Genre, Themes, History: This is a fiction novel mostly set just outside of Seattle, Washington. The main theme seems to be that of domestic and spousal abuse, but the book also addresses organ donation, and the difficult decision family members sometimes have to make just after they receive news that no one wants to hear. The story switches between the three main characters, moving from Hannah, then to Olivia, then to Maddie, and then back to Hannah again to start the process over, with each chapter focusing on the actions of a different character. While Hannah and Olivia have a third person narrator for their chapters, Maddie gets to tell her story from her own point of view. And because Maddie gets to use her own voice, it becomes clear that she knows a lot more than her mother, or her father, even realizes, and that she has secrets of her own. Maddie's story is not only of someone who grew up watching her mother be abused by her father, but also of someone who has been sick for the majority of her life and doesn't quite know who she is separate from her illness.

My Verdict: Domestic abuse is not at all easy to read about, and I doubt very seriously it is easy to write about. What I loved about Hatvany's Heart Like Mine are the same things I loved about Safe With Me. Hatvany approaches the subject with honesty, but without getting too heavy-handed with the message. She doesn't shy away from the hard stuff, but doesn't just dwell on them either. And while Maddie may be the only one who gets to tell her story in her own voice, the reader still gets a clear sense of what Hannah and Olivia are going through. Few parts of the book seemed rushed, and the ending seems well thought-out, and not just something Hatvany put together simply because the book needed and ending.

Favorite Character: I decided my favorite character was Hannah.

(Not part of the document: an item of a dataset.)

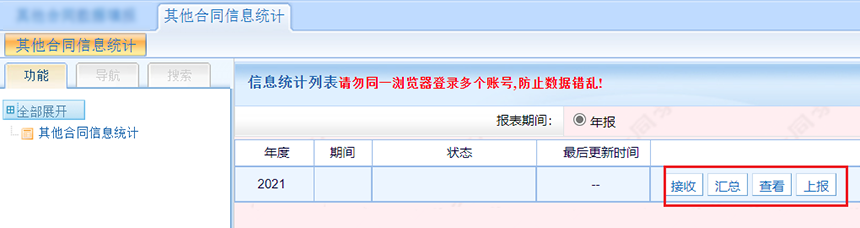 第四步,下級單位上報數(shù)據(jù)后,監(jiān)管單位在其他合同信息統(tǒng)計頁面接受匯總報表。

She essentially experiences a parent's worst nightmare, and like most people, she is way too hard on herself for feeling the incredible amount of grief that comes with such a situation. But ultimately, she is able to function, doesn't alienate herself completely, and does her best not to take her grief out on everybody else.

Favorite Moment: *spoiler alert* When Maddie decides to delete her fake online profile and break it off with the much older guy she has been chatting with online.

Recommended Reading: For this book I am going to recommend the young adult novel Eleanor & Park by Rainbow Rowell, mostly because it also deals with domestic abuse and its effects on children. Plus, like Safe With Me, it switches narrative voices, this time between two teenagers who have formed an unlikely relationship.